With the phantom eye he could’ve done all of this with significantly less crawling through shit.
They’d briefly considered the Confidence Man technique where he simply bluffed his way into the temple, but Will wasn’t exactly the smoothest, and his missing hand was a dead giveaway.
Will wasn’t that kind of Infiltrator.
No, he was the kind of Infiltrator that got to wade through the city sewers, then squirm his way through a shit-pipe, then wait while Loth used her insects to carefully remove the toilet above them.
Will held his arms out while Loth’s insects removed the waxed onesie. Loth did the same, and they tossed the suits into the pipe before Loth’s insects set the toilet back exactly where it had been before.
The two of them were inside the Temple of Granesh, and clean to boot.
“Okay, the waxed suits were a good choice,” Will whispered as the two of them crept into the main hall.
“Of course they were,” Loth whispered back.
It was currently the dead of night in the temple of Order. All good priests and priestesses were in bed, dreaming of fire and brimstone…or whatever they dreamt of.
Will paused in the hall as a glint of green caught his eye.
He glanced to the left, where the public would gather to join the clergy in prayer. There was a green pattern on the ground, presumably from stained glass art lit by the street lights outside.
“This way,” Loth whispered, tugging his sleeve.
Will turned and followed as Loth stalked down the halls.
They discovered the barracks, with dozens of priests sleeping off the hard work of spreading the word of Granesh and smiting whoever disagreed with them.
They crept past it.
The next room was a solid wooden door warded by some kind of knot of magical energy that glowed as they approached. Will was tempted to try his hand at disabling it, but he didn’t want to try until they explored the rest of the temple.

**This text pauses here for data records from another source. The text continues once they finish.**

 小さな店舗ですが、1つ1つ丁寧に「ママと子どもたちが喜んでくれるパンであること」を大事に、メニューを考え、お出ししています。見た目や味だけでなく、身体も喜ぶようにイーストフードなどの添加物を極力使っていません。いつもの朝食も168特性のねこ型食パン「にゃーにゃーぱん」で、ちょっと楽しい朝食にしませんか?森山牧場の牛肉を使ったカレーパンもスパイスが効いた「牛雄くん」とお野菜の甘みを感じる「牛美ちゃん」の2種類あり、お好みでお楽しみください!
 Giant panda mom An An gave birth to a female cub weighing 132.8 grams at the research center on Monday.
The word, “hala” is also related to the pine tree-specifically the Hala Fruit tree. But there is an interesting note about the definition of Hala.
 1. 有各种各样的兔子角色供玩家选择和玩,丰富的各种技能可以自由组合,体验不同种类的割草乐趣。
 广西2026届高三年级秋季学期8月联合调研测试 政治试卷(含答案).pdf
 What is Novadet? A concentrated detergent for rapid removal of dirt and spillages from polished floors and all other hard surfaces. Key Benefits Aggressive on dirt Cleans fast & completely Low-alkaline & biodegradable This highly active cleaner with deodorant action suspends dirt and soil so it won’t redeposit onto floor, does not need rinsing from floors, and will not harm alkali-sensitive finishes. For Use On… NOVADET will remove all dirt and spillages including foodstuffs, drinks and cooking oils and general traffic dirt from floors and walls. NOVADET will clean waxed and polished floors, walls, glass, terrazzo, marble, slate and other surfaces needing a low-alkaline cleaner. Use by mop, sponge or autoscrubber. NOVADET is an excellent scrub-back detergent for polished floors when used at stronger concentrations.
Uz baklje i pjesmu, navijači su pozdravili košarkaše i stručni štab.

No sense triggering an alarm before they got all their options.
Loth tugged at his shirt and pointed to a door at the far end of the hall, marked ‘Storage’
Will nodded and the two of them crept down the hall to the door.

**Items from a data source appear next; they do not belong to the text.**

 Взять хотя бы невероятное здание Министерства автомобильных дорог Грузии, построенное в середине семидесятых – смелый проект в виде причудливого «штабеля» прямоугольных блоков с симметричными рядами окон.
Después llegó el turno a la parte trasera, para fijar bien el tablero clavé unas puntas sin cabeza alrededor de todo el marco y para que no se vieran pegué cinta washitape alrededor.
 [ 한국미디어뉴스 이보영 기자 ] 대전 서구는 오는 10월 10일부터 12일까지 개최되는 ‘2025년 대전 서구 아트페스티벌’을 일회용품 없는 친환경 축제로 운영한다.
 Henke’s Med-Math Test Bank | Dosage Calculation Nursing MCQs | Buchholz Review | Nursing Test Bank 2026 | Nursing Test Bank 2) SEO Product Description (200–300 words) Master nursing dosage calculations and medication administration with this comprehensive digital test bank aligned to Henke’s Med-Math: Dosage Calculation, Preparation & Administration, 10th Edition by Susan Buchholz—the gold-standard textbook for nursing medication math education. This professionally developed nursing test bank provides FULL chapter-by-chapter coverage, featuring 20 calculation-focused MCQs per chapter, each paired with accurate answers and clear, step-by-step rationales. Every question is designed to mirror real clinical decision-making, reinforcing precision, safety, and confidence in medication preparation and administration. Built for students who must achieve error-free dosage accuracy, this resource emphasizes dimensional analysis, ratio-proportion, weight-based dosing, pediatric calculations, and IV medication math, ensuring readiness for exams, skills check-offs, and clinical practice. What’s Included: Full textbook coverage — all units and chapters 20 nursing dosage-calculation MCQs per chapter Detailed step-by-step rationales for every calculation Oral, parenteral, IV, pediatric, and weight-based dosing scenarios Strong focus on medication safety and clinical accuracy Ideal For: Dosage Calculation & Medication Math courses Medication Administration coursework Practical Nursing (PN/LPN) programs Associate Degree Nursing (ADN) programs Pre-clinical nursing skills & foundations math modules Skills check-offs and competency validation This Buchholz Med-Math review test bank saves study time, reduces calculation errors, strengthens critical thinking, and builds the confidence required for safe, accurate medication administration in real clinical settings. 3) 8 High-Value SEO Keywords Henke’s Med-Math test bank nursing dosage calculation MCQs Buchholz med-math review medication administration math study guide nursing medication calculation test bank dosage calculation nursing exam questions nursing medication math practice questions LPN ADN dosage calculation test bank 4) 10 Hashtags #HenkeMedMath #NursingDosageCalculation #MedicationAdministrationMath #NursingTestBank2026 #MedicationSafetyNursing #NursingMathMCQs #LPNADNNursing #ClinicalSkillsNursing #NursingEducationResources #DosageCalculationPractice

The door wasn’t warded magically, but it was locked. Loth fed some insects into the lock, which turned a second later.
They crept in and Loth held out a glowbug to scan their surroundings.
At the front of the room was normal stuff. Cleaning supplies, brooms, nails, wood, tools, etc.
The further back the shelves went, the more esoteric things got, until the room was subdivided by a towering shelf with a ‘Sacrifices’ sign on it.
Will and Loth glanced at each other and shrugged.
Might as well grab something valuable while they were risking their hide like this.
They went past the shelf and saw the other half of the room was dedicated to shelf after shelf of Sacrifices wrapped in preservatives.
Ooh, they’re organized by floor then monster type, Will thought, heading for the shelf labeled ‘4th floor’.
Will carefully rifled through the shelf.
Ooh, swamp witch. Elite creature from the 4th floor with powerful magical abilities. Bloodsucker, Mankeran Burrowers…
Will turned and held out the jar of preserved insects to Loth.
Loth shook his head. “I want to domesticate them, not add them as Sacrifices.”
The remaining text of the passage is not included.